Phencyclidine

CAS RN: 77-10-1

Treatment Overview

0.4.2 ORAL/PARENTERAL EXPOSURE
  • A) MANAGEMENT OF MILD TO MODERATE TOXICITY
    • 1) Treatment for mild to moderate toxicity includes minimizing external stimulus, and the use of benzodiazepines for agitation. Antipsychotics may be considered in cases of acute psychosis.
  • B) MANAGEMENT OF SEVERE TOXICITY
    • 1) For severe toxicity, including hyperthermia and psychomotor agitation, high-dose benzodiazepines may be required. If symptoms do not improve, sedation, paralysis and intubation may be indicated. For hyperthermia, control agitation and enhance evaporative heat loss by keeping the skin moist and using fans. Ice water immersion can be used in severe cases. Benzodiazepines can be used for seizures; add barbiturates or propofol if seizures persist. Aggressive fluid resuscitation and supportive care should be used in cases of metabolic acidosis, rhabdomyolysis, and multisystem organ failure.
  • C) DECONTAMINATION
    • 1) PREHOSPITAL: Prehospital charcoal is typically not recommended in PCP ingestion because of the risk of abrupt changes in mental status.
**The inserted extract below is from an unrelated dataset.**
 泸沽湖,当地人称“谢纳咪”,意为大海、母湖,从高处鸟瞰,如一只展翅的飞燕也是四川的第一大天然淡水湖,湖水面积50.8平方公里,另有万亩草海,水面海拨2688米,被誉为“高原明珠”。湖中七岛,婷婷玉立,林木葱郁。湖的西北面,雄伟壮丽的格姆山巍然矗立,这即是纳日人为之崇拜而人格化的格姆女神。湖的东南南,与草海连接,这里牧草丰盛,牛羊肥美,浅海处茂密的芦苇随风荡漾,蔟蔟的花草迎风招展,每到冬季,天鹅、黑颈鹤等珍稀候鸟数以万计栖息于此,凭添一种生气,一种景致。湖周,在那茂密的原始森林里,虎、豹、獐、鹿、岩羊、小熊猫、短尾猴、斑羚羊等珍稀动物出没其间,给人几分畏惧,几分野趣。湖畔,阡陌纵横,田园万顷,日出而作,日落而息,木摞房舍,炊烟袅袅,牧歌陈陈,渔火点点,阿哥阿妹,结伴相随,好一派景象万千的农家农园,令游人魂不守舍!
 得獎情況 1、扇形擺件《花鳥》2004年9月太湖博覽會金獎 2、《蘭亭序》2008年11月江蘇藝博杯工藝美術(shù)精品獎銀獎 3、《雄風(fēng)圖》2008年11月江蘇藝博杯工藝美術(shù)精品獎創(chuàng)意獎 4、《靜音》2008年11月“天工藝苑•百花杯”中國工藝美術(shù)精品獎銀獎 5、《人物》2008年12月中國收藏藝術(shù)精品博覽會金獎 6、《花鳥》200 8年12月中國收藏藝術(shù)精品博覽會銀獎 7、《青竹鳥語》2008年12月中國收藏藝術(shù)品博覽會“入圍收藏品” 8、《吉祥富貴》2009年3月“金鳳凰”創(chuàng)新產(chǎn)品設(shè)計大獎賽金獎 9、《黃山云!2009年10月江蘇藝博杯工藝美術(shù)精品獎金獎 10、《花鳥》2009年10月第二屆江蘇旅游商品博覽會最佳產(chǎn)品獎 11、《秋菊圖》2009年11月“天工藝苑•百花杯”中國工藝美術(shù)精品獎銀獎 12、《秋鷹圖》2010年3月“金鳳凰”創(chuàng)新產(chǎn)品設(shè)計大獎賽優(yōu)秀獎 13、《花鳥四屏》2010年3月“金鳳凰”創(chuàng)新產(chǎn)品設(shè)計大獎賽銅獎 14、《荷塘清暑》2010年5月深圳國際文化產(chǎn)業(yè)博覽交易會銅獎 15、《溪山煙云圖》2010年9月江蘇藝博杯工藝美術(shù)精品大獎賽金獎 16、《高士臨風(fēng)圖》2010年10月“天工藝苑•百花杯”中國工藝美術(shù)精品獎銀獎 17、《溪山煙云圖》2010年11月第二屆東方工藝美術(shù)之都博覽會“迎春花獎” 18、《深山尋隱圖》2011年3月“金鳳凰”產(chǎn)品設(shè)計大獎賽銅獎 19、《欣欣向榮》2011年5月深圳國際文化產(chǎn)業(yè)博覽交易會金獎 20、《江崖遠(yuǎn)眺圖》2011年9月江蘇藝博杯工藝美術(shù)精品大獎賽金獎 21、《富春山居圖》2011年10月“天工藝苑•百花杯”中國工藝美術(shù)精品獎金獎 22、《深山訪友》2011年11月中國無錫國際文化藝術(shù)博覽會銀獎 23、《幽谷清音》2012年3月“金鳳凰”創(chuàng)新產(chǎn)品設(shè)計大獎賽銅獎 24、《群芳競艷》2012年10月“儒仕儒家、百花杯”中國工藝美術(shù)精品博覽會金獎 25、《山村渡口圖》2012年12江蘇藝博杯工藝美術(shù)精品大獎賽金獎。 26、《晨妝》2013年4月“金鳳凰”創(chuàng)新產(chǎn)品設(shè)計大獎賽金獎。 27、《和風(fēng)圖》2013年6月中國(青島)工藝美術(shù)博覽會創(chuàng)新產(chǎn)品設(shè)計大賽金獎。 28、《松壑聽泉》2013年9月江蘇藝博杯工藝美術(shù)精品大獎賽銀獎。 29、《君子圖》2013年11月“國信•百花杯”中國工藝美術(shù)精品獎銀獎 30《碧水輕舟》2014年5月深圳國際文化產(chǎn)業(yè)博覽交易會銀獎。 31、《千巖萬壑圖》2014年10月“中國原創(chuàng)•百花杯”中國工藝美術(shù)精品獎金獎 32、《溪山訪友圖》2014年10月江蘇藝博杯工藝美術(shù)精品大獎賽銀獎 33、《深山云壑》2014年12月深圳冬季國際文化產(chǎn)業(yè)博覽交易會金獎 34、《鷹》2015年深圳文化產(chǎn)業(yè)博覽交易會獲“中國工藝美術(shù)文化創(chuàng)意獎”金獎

    • 2) HOSPITAL: Gastric lavage is not indicated for PCP ingestion. Activated charcoal can be offered, but should be given to cooperative, awake alert patients. It should be used with caution as mental status can deteriorate. Overall it is not likely to affect the course of PCP intoxication
  • D) AIRWAY MANAGEMENT
    • 1) Definite airway management may be needed if CNS depression develops. It may also be needed if large doses of sedatives are needed to decrease the sympathomimetic stimulation.
  • E) ANTIDOTE
    • 1) None
  • F) ENHANCED ELIMINATION PROCEDURE
    • 1) Dialysis or other methods of enhance elimination are not recommended. Urinary acidification will increase the excretion of PCP but the risk of systemic acidosis exceeds the potential benefit and it is not recommended. Continuous nasogastric suction has also been advocated but may increase the risk of aspiration or injury in a patient with altered mental status, so it should not be used.
  • G) PATIENT DISPOSITION
    • 1) HOME CRITERIA: Adults who are asymptomatic after a low dose ingestion can be watched at home provided a sober adult can monitor them.
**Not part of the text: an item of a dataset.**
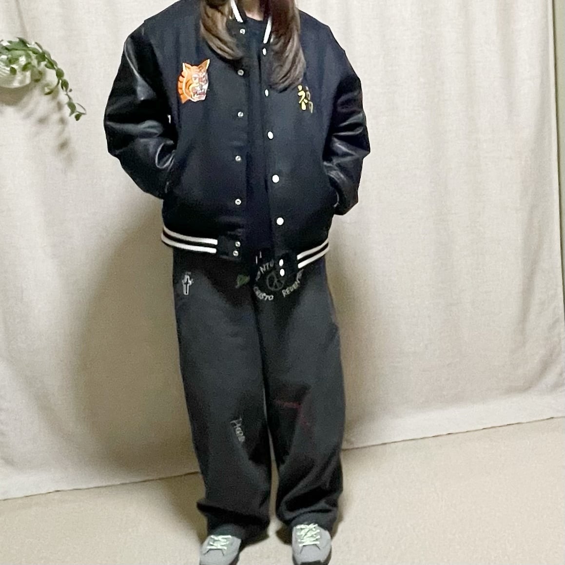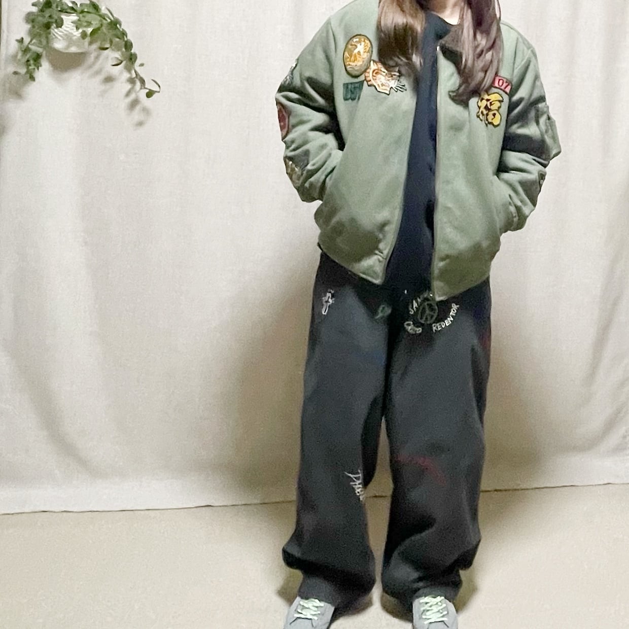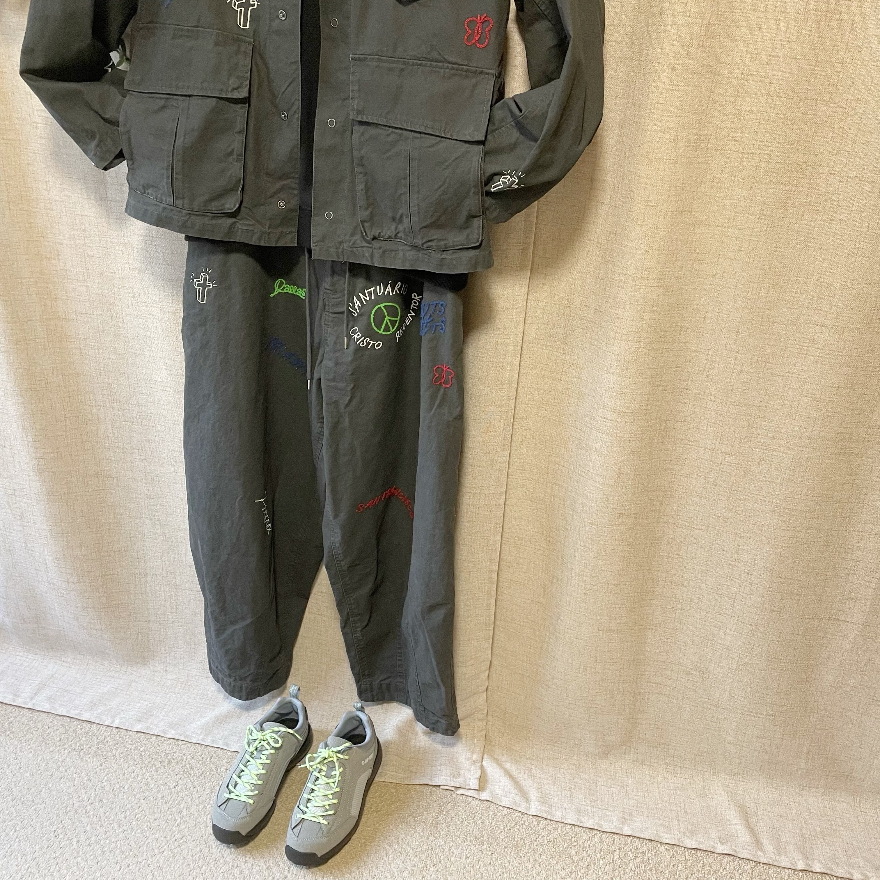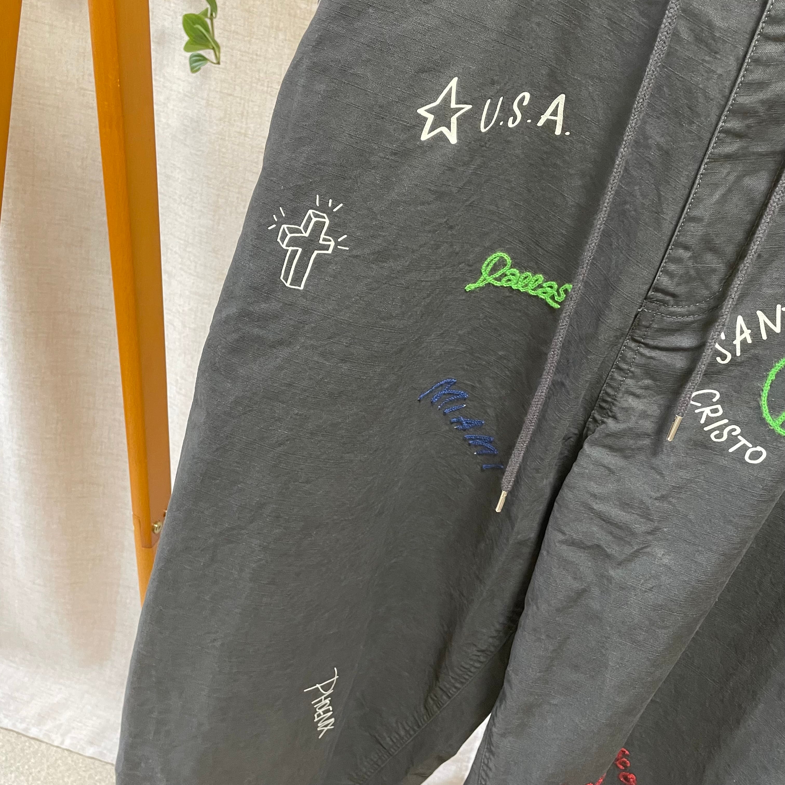 オリジナルのリメイク刺繍が特徴的なバズーカパンツ。

    • 2) OBSERVATION CRITERIA: Any symptomatic patient, and a patient with a self-harm ingestion, and any exposed child should be sent to an emergency department for evaluation, treatment and monitoring.
    • 3) ADMISSION CRITERIA: Patients with severe or prolonged symptoms, or requiring medication treatment should be admitted for further care.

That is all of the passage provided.